Workshop on Social Media and Demographic Research - IUSSP - Cape Town 2017
This repository contains the materials prepared by Emilio Zagheni 1 and Connor Gilroy 1 for the IUSSP 2017 Workshop on Social Media, Big Data and Digital Demography.
Please complete the following setup steps before the workshop. If you run into trouble with one of them, please attempt to complete the others.
This is an approximate schedule for the day-long workshop.
8:30-9:00 | Introduction |
9:00-10:00 | Lab: APIs |
10:00-10:15 | Break |
10:15-11:45 | Lab: Twitter |
11:45-12:45 | Lunch |
12:45-13:30 | Lab: Twitter + Visualization |
13:30-14:15 | Using Facebook Ads for research |
14:15-14:30 | Break |
14:30-15:30 | Lab: Facebook Ads |
15:30-16:00 | Discussion |
The linked folders and repositories contain the code and slides for the hands-on modules.
Module 1 | Retrieving data through APIs |
Module 2 | Collecting and analyzing Twitter data |
Module 3 | Visualizing and mapping Twitter data |
Module 4 | Demographic estimates from the Facebook Marketing API |
These are additional resources you may find useful as you continue to learn about R and about digital demographic methods. R has a generous and welcoming community of users, and they have made many materials for learners available freely online.
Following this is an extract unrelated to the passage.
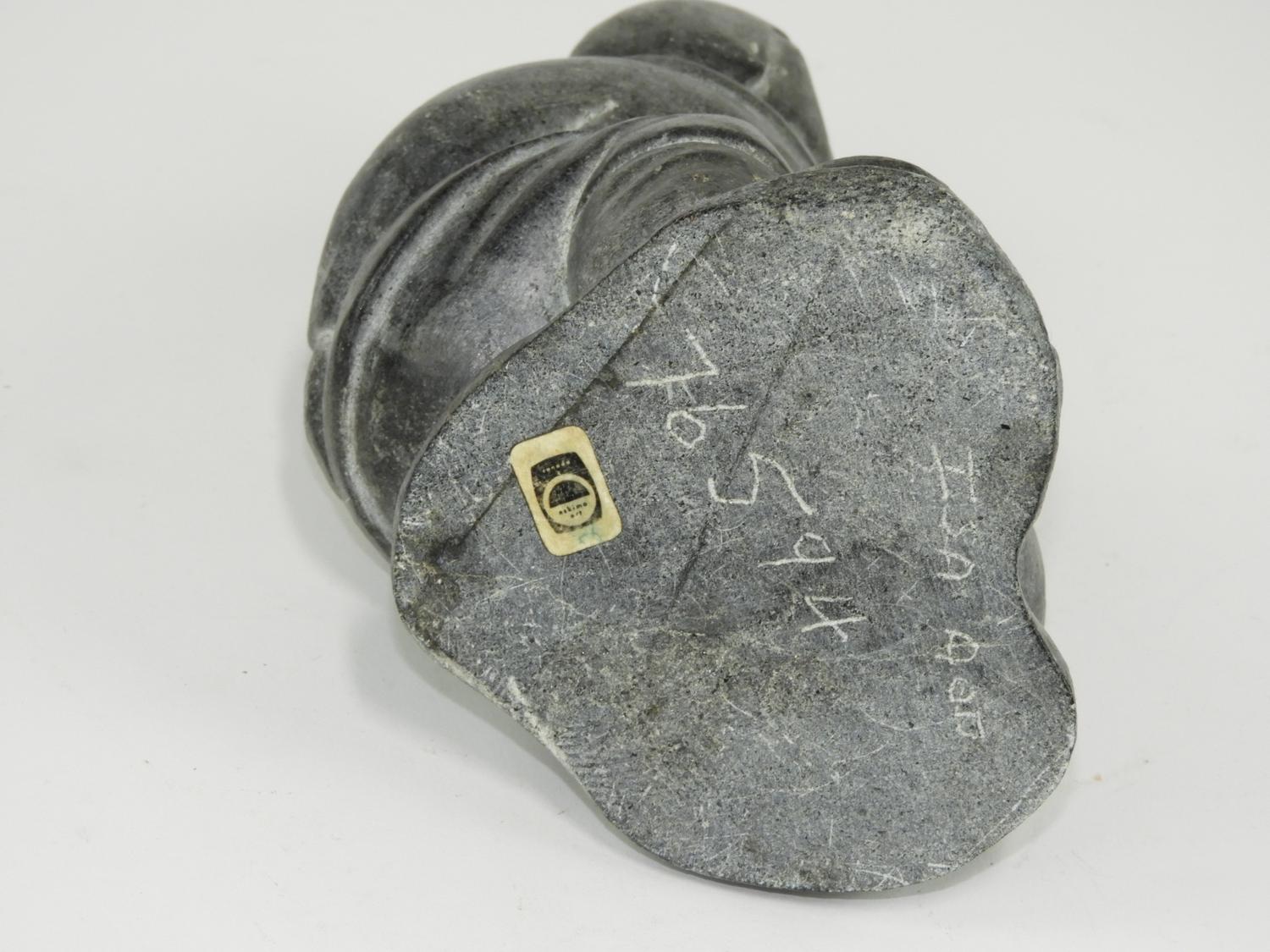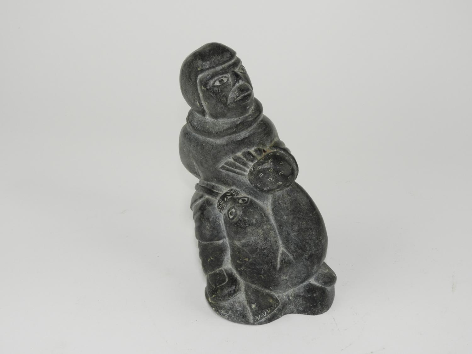 inuit carved grey stone figure of a hunter with seal, ht 8 1/2"

Charles Lanfear teaches a 10-week course at the University of Washington called Introduction to R for Social Scientists. The slides and recorded videos of his lectures are publicly available on his course website: https://clanfear.github.io/CSSS508/
R for Data Science is a focused and clearly-written introduction to working with R by Garrett Grolemund and Hadley Wickham. These authors have also written other books you may find helpful. The entire book is available freely at this website: http://r4ds.had.co.nz/
Kieran Healy's new book, Data Visualization for Social Science, introduces
you to principles of good graphics and to plotting in R using ggplot2
.
It is available online at this website: http://socviz.co/
If you are interested in working with text data and continuing to do sentiment analysis, a helpful book is Text Mining with R, by Julia Silge and David Robinson. Their chapter on sentiment analysis describes three different common dictionaries for sentiment in English-language texts. The book is online at this website: http://tidytextmining.com/
All of the above resources are free. We have typically found these types of resources to be more than adequate for our own learning and teaching. However, you might prefer to use more interactive or elaborate learning materials. In that case, one paid resource for learning data science in R online is DataCamp. Some university departments in the United States use their courses as additional materials for teaching students R. You can try out one of their courses, Introduction to R, for free, to see if you prefer that style of teaching and learning.